TASK ITEM> The range runs from the line containing "Design contemporaneo per" through the last line of the material below; retype it exactly, leaving out the pictures.

DATA SHOWN>

○ ○ ○ ○

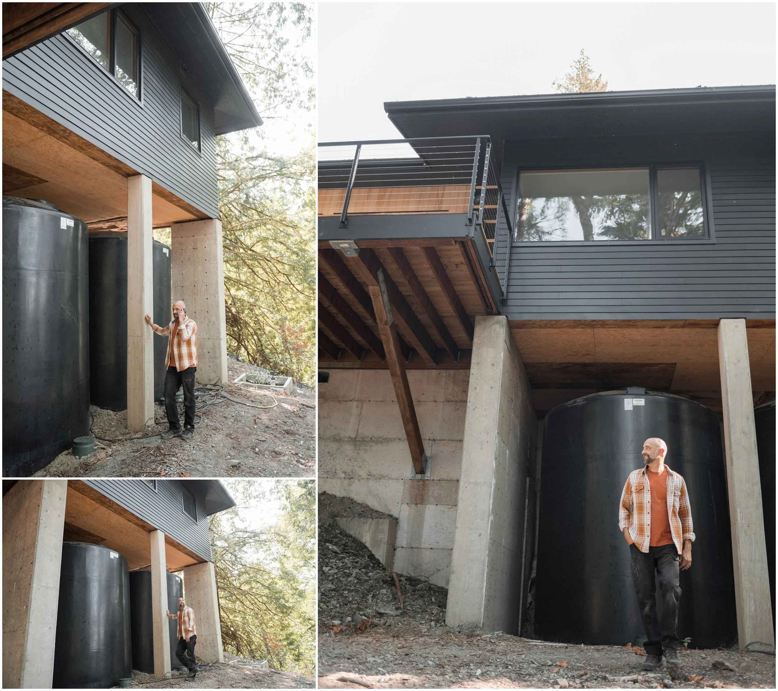 It was truly perfect timing and divine intervention that Javon and Jesse’s photoshoot worked out! They were a few weeks away from finishing up a beautiful custom-built home on Lake Whatcom that not only was a labor of love they built for their clients during the pandemic and during labor and material shortages, but this house was FULLY on brand for them. The wood, fixtures, and details were all in their branding colors and the aesthetic was pure PNW modern style - 100% what Raven Ridge is all about.
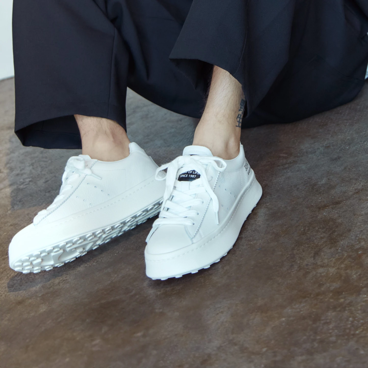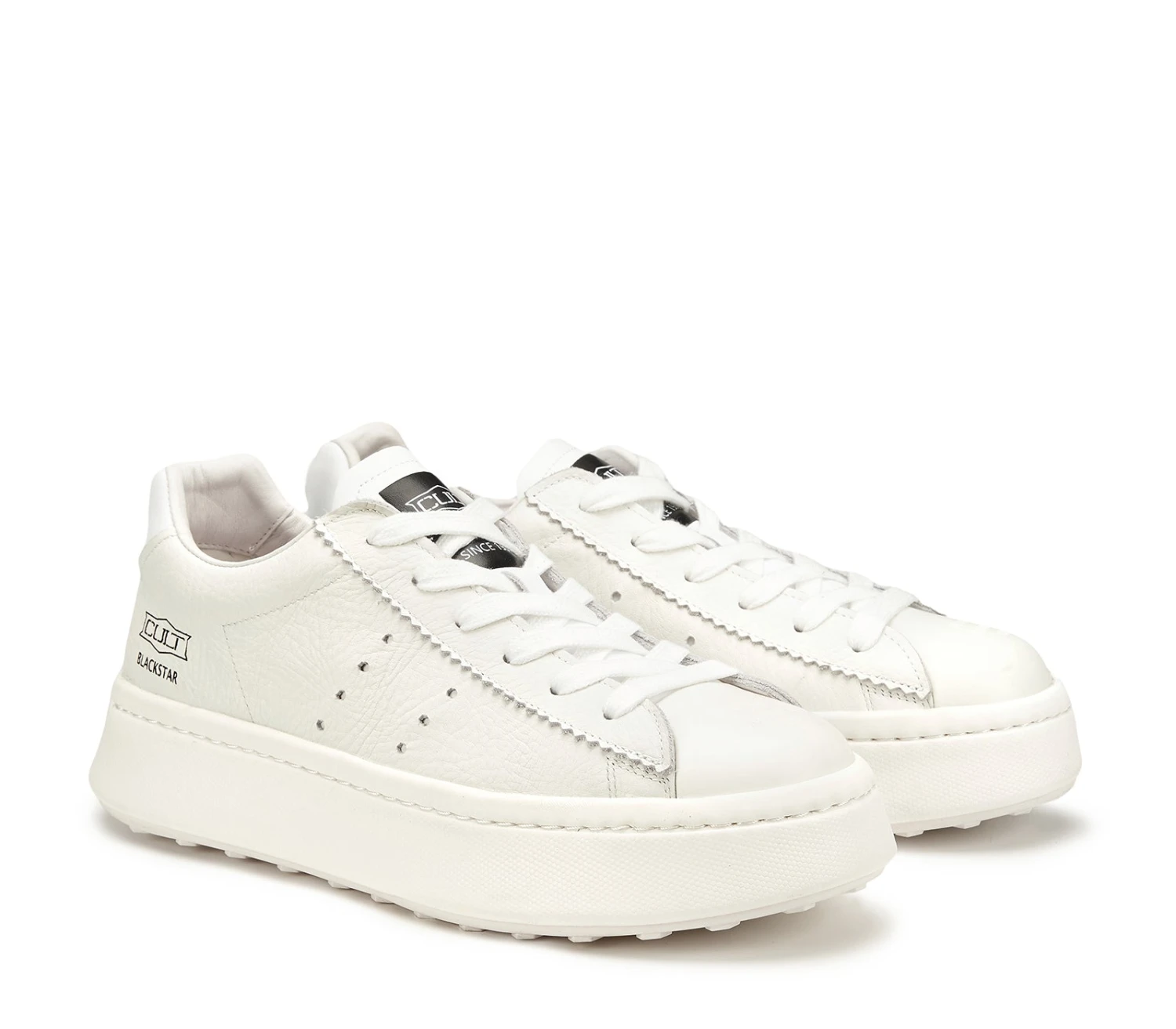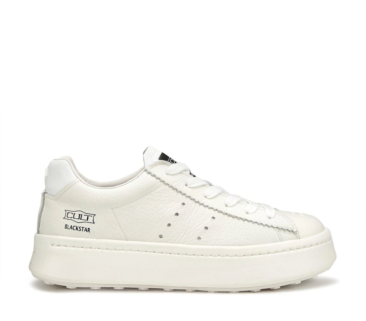 Design contemporaneo per le nuove sneakers in pelle bottalata, firmate CULT Man. La suola voluminosa ne definisce l’attitudine sportive-casual, mentre i dettagli a contrasto, come l’iconico logo del brand, lo rendono un modello inconfondibile.
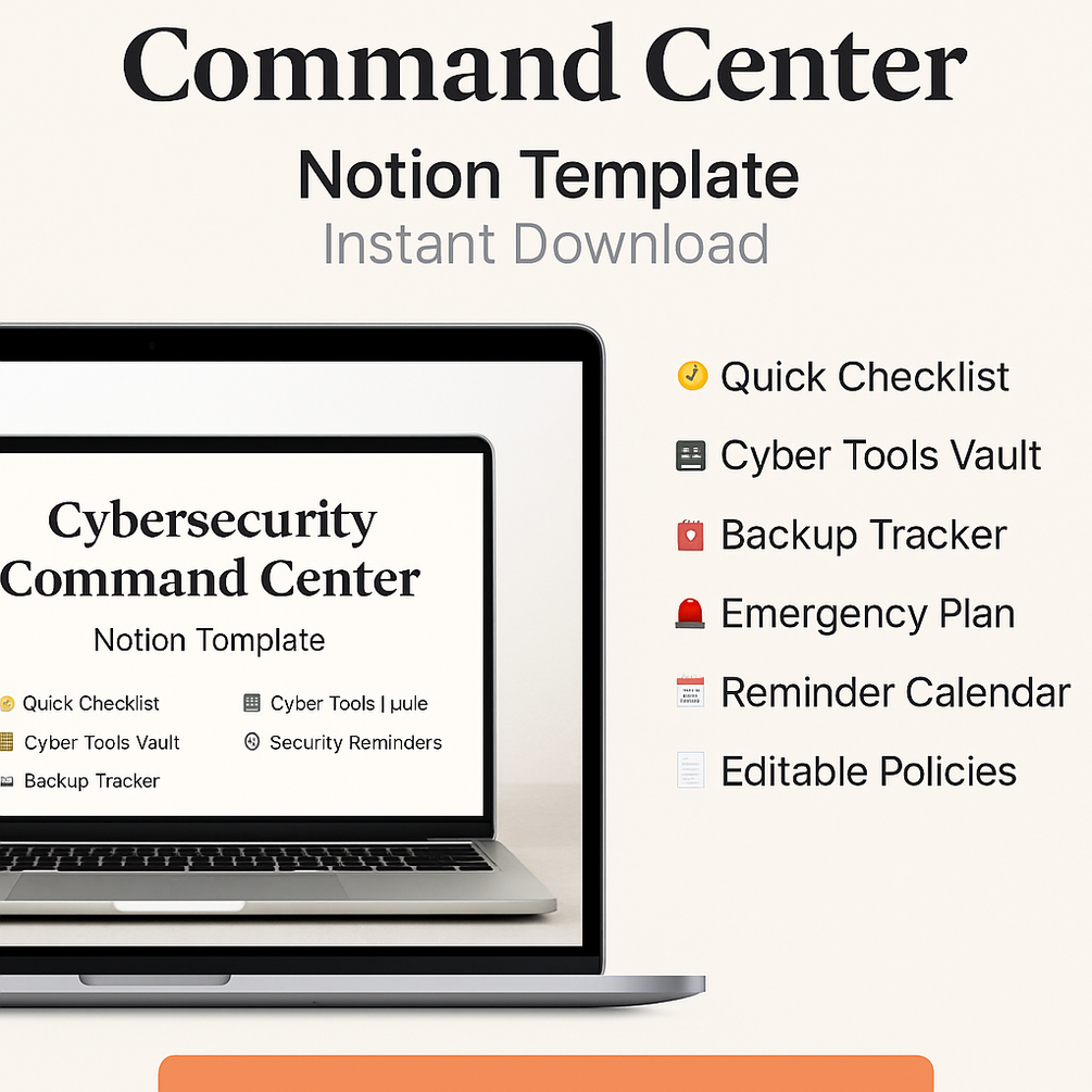 The Cybersecurity Command Center is a plug-and-play Notion template that helps solopreneurs, creators, and small business owners organize and improve their digital security — even if you're not tech-savvy.

○ ○ ○ ○

RESULT FOR THIS TASK>
 Design contemporaneo per le nuove sneakers in pelle bottalata, firmate CULT Man. La suola voluminosa ne definisce l’attitudine sportive-casual, mentre i dettagli a contrasto, come l’iconico logo del brand, lo rendono un modello inconfondibile.
 The Cybersecurity Command Center is a plug-and-play Notion template that helps solopreneurs, creators, and small business owners organize and improve their digital security — even if you're not tech-savvy.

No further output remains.